Kitabın “Doğruları gizlemek” bölümünde, doğruluğun tınımı yapıldıktan sonra,
“doğruluğun zıddı yalancılıktır. Yalancılık, hangi yolla olursa olsun ,
gerçeklerin saptırılarak söylenmesidir. Doğruluk olmayınca , diğer
faziletlerin adını bile saymaya gerek yoktur…Doğruluk, beşeri ilişkilerin
temelini oluşturur. Doğru ve güvenilir olmayanlarla bir çete bile
oluşturulamaz.” Açıklaması yapılmış. Kitabın ilerleyen bölümünde “
Çıkarları zedelenen kişiler doğru kişileri kesinlikle sevmezler…Ve doğru
kişiler onuncu köyde yaşamayı göze almalı ama “Doğrunun yardımcısı Allah’tır”
denilmektedir…Zaman zaman yalan söyleyenler çevrelerindekileri inandırmak
için yemin ettiklerine dikkat çeken Prof.Dr.Abdullah Özbek kitabında“
İnsanların yeminlerine değil, yaptıklarına bakmak gerekir.” Diyerek “lafla
peynir gemisi yürümez.” Sözünü hatırlatmış.
Yalanın en tehlikelisinin “insanların gözlerini doğrulara çevirerek yanlış ve
yalanları gizlemek” olarak belirten Prof. Dr. Abdullah Özbek, Nasrettin
Hoca’nın “Fıçısı İki Kese Akça!” fıkrasını örnek olarak göstermiş. İlgili fıkrayı
birlikte okuyalım:
Hoca bir aralık su satma işine heves eder. Bunun için iki kese akçe verip,
bir boş fıçı satın alır. Sonra bunun içersine çeşme suyu koyarak , bardağını
bir akçaya satmaya başlar. Bu sudan içenlerden bir kısmı :
-Hoca Efendi! Bu su çeşme suyuna benziyor. Sakın bunda bir yanlışlık
olmasın?..dedikleri zaman, Hoca da :
-Vallahi fıçısını iki kese akçaya aldım. Hiçbir yanlışlık yok!..Cevabın
verir.
-----Prof. Dr. Abdullah Özbek, Bir Eğitimci Olarak Nasrettin Hoca adlı
kitabında “Fıçısı İki Kese Akça” adlı fıkrayı şu şekilde yorumlanmış.
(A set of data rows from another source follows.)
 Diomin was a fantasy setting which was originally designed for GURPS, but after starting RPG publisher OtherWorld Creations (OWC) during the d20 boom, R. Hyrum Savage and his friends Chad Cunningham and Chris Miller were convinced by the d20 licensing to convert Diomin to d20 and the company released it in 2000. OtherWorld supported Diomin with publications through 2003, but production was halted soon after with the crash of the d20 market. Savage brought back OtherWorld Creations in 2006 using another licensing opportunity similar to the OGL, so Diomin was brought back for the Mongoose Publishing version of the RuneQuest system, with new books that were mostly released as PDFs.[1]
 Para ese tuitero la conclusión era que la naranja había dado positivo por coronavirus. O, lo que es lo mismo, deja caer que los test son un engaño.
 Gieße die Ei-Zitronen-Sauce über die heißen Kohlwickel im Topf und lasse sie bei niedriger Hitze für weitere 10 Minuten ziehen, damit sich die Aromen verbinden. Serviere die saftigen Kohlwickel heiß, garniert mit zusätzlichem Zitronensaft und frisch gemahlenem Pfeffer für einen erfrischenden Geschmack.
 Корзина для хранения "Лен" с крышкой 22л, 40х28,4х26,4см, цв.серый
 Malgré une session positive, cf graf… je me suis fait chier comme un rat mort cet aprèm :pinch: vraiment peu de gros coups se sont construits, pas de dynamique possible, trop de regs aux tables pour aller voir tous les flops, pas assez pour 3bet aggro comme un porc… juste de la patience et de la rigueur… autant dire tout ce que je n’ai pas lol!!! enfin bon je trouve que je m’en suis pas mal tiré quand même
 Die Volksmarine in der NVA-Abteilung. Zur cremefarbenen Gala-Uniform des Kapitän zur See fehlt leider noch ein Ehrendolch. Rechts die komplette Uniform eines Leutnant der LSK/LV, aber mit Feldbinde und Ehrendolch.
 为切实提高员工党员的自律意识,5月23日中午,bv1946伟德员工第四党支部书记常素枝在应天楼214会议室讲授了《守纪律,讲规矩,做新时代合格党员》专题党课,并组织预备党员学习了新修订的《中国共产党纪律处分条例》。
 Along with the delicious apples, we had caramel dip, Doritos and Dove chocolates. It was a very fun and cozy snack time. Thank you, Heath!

Hocanın boş fıçıyı iki kese akçaya aldığı doğrudur. Fakat bu “doğru”, bir
yalanı gizlemek için kullanılmaktadır. Yani doğruluk, yalanı yutturmak için
kullanılmaktadır. Nedir yalan olan?
Hoca, kalitesi iyi olan su satması gerekirken, herkesin ulaşabileceği çeşme
suyunu satmaktadır. Bundan şüphelenenlere de, asıl gerçeği söylemez. Doğru
olan bir şeyi (su fıçısını alış fiyatını) söyleyerek dikkatleri başka yöne
çeker.
Bu yol, insanları adatmada kullanılan hilelerin en tehlikelisidir. Böyle
durumlarda doğrular, ağlarda kullanılan yemlere benzer. Yemlerin kaliteli
olması, bunlarla ulaşılmak istenen hedefi , hiçbir zaman meşru yapmaz…”Dünyada
en çirkin şey, çirkinlikleri ayakta tutan güzelliklerdir.” Hz. Ali Bu durumu
“ Hak bir sözün, batıla(gerçek dışı bir şeye) alet edilmemesi.” Şeklinde dile
getirmiştir. Yukarıdaki sözlerin büyük bir kısmı ilgili kitaptan aynen
alınmıştır.
Yıllar önce “ çalarken, kimseyi umursama” diye bir yazı okumuştum. O günden
bu yana aynı düşünce içersindeyim. Neticede Modern Sosyolojide Ken Keys’i de,
İslam Tasavvufu’ndaki insan manzaralarını da inceleme fırsatı bulduk. Ve
insanların hangi basamaklarda neyi algılayacaklarını da… Bir çok yerde akılla
- zeka arasındaki farkın izahı yapılmaktadır. Zekanın karaya vurması,
aklın noksanlığından, ferasetin yokluğundan meydana geldiğini canlı
yayınlarda her gün izliyoruz. Yalanı doğrularla yutturarak hedefe
ulaşmak, zeka ile birlikte aklın ve ferasetin de olmasına bağlıdır.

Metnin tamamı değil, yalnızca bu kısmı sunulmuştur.